SYSTEM "You are a helpful assistant."
"""

# 2. Create Ollama model
# ollama create my-model -f Modelfile

# 3. Run
# ollama run my-model

# 4. API (automatic)
# curl http://localhost:11434/api/chat -d '{
#   "model": "my-model",
#   "messages": [{"role": "user", "content": "Hello"}]
# }'

Monitoring

import time
import logging
from collections import defaultdict

# Simplest form of monitoring
class ModelMonitor:
    def __init__(self):
        self.metrics = defaultdict(list)
        self.logger = logging.getLogger("model_monitor")
    
    def log_request(self, prompt, response, latency, tokens):
        self.metrics["latency"].append(latency)
        self.metrics["tokens"].append(tokens)
        self.metrics["requests"].append(time.time())
        
        # Alert for high latency
        if latency > 5.0:
            self.logger.warning(f"High latency: {latency:.2f}s")
    
    def get_stats(self):
        latencies = self.metrics["latency"]
        if not latencies:
            return {}
        
        return {
            "total_requests": len(latencies),
            "avg_latency": sum(latencies) / len(latencies),
            "p95_latency": sorted(latencies)[int(len(latencies) * 0.95)],
            "avg_tokens": sum(self.metrics["tokens"]) / len(self.metrics["tokens"]),
        }

monitor = ModelMonitor()

Cost Optimization

# Cost reduction strategies

# 1. Model quantization — reduce GPU usage
# GGUF Q4_K_M: ~4x memory reduction with good quality

# 2. Batching — process multiple requests simultaneously
# vLLM automatically does continuous batching

# 3. Smaller model — if quality is acceptable
# 8B vs 70B: GPU cost is approximately 10x lower

# 4. Caching — store repeated responses
from functools import lru_cache
import hashlib

response_cache = {}

def get_cached_response(prompt, temperature=0.0):
    """Cache only for temperature=0 (deterministic)"""
    if temperature > 0:
        return None
    
    key = hashlib.md5(prompt.encode()).hexdigest()
    return response_cache.get(key)

# 5. Auto-scaling — scale resources based on traffic
# With Kubernetes and GPU autoscaler

Deployment Checklist

Model saved in the appropriate format (SafeTensors or GGUF)
API endpoint works and returns correct responses
Health check endpoint is in place
Monitoring is active (latency, error rate, throughput)
Rate limiting is enabled
Authentication/API key is set up
Error handling is properly implemented
Docker image is built and tested
Backup of model and config exists

Series Summary

Congratulations!

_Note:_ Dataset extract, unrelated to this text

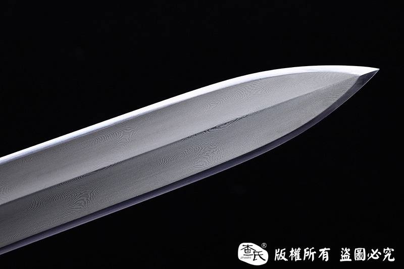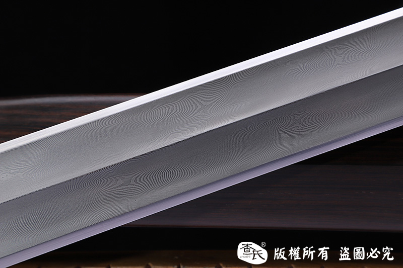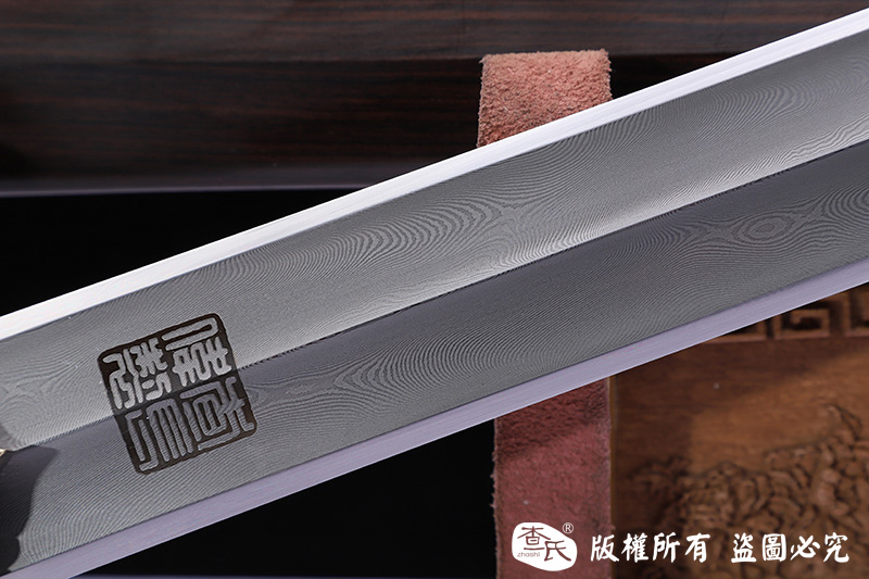 【刃材工艺】 禾字号百炼钢古法手工打造,古法热处理,手工瓦楞形剑樋,手工精细磨,性能优越,手感优越,根部刻字:查长伟制

You’ve completed the entire fine-tuning journey:

Episode 1: Understood what fine-tuning is and when it’s needed
Episode 2: Learned the three stages of model training
Episode 3: Mastered LoRA — efficient fine-tuning
Episode 4: QLoRA — fine-tuning with a regular GPU
Episode 5: Dataset preparation — the most critical part
Episode 6: Unsloth — fast and practical tooling
Episode 7: Evaluating your fine-tuned model
Episode 8: DPO — simple alignment
Episode 9: Persian language challenges
Episode 10: From fine-tuning to deployment

Fine-tuning is a practical skill. Reading isn’t enough — you need to get your hands dirty with code. Pick a small model, build a simple dataset, and start. Making mistakes is part of the learning process.

You now have the knowledge and tools you need. Go ahead and build your model your way!